A powerful blast at a small bar and restaurant situated on the ground floor of a two-storey building in a residential colony of Mapusa has shattered the peace in the area and baffled investigation teams that rushed to the scene. The explosion was so intense that it ripped off the shutter of the premises and other furniture, including the window grill of the bar, and flung them at least 20 metres away. The impact was felt in the vicinity, with a nearby house developing a crack in its wall while window panes of flats above the bar came crashing down.

The fire brigade team, bomb-disposal squad and forensic officials visited the site and were initially clueless about the exact cause of the blast. Subsequently, it emerged that the explosion was caused due to gas leakage from the cylinders. Surprisingly, none of the three cylinders was damaged, and neither were the regulators, throwing questions about fire safety in restaurants.

The blast, irrespective of the perspective one holds, raises pertinent questions on safety standards followed in restaurants where LPG cylinders are being used. Goa is a tourist state teeming with bars and restaurants, each following a different set-up and system, and the business concerns mostly overpower fire safety. This is why there has to be a mechanism of robust checks and balances to ensure public safety.

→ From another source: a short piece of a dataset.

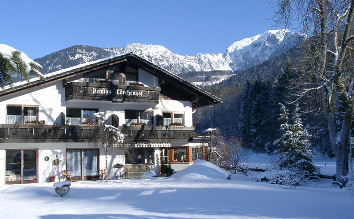Der Lärchenhof - Ihr Alpenhotel zum Wohlfühlen! Ruhige, sonnige Lage am Nationalpark. Umgeben von grandiosem Gebirgspanorama idealer Ausgangspunkt für Wanderungen. Königssee, Jennerbahn, Gaststätten erreichen Sie zu Fuß, Bushaltestelle am Haus. Zimmer mit DU/WC, Balkon, Tel., Kühlschrank, Haarföhn, Radio und Kabel-TV. Vitalfrühstücksbuffet. Wellness mit Sauna, Solarium, Aromadampfbad, Infrarotkabine. Gratis Bike-Verleih, Schneeschuhwandern im Hotel. Pauschalen ab 239.-/7ÜN

The Mapusa blast cannot be ignored because there were no casualties or human injuries. A bar and restaurant patronized till late hours could have easily turned into a deathbed if the blast had occurred during regular working hours. The bar in question has been allowed the liberty to carry on business till late at night, showing that basic business checks were compromised.

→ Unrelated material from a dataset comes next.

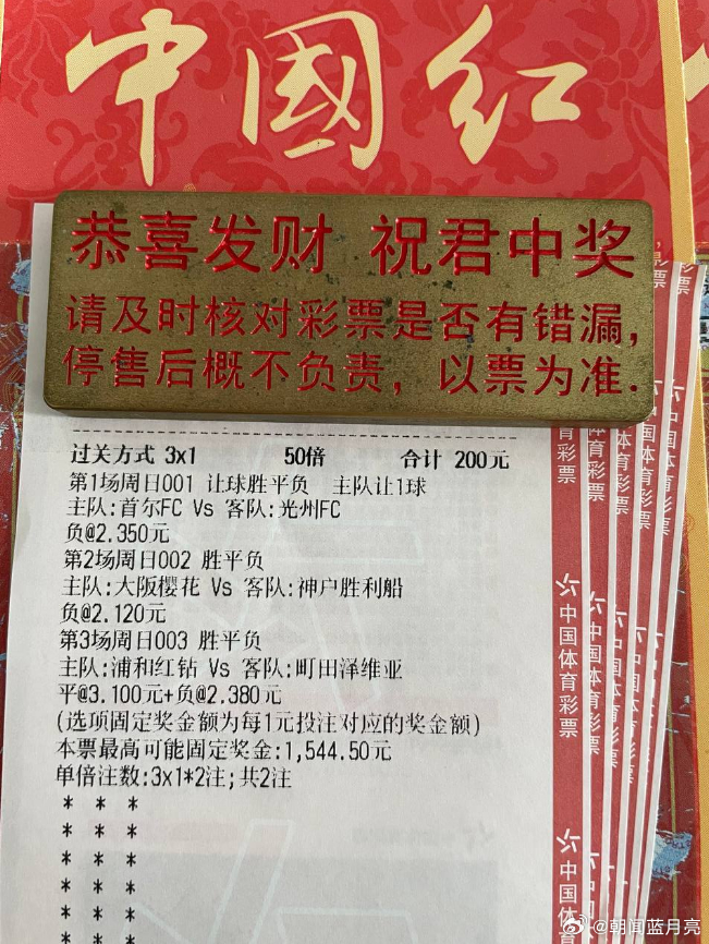联赛:001 韩K联球队:首尔FCvs光州FC方向:让负比分:1-1 1-2 2-2——————————联赛:002 日职联球队:大阪樱花vs神户胜利方向:负比分:0-1 0-1 1-2——————————联赛:003 日职联球队:浦和红钻vs町田泽维亚方向:平+负比分:0-1 1-1 1-2——————————综合来看,首尔FC主场优势、底蕴、战意略占上风,光州FC防守韧性十足、反击犀利,两队实力旗鼓相当。全场比赛节奏偏快、对抗激烈,进球数不会过少,首尔FC小胜或是平局是最有可能的走势,光州FC若能抓住反击机会,也有望客场拿分爆冷。

On Monday, fire officials blamed the explosion on LPG gas leakage due to a crack in the pipe connecting the stove. It was disclosed that the gas cylinder was used for the high-intensity stove, and the tube was not ISI-compliant. While the electricity department, factory and boilers and other departments work on their reports, all fingers are pointing currently towards the negligence of the restaurant owner. The point is, how is such negligence going unchecked? Using sub-standard equipment or bypassing set protocols in businesses, especially on fire safety, is common, but why is the system lagging on checks? For example, fire permissions are granted when issuing a licence for business, but what about renewals, site inspections, and subsequent checks?

Fire incidents are rising in Goa, and recently the High Court of Bombay at Goa observed that negligence in compliance with fire safety requirements is like playing with fire. Are authorities waiting for a tragedy to strike to take cognizance and act? It took a mammoth fire at the Berger paint factory at Pilerne to understand the importance of industrial safety audits. Only after the fire, which took over two days to be controlled, did authorities show urgency in understanding the holding capacity of flammable chemicals in units or the threat perception such industries cause to the residents in the area.

It is time for a reality check on all establishments to ensure public safety. The Mapusa blast should be a wake-up call to all, including owners of bars and restaurants.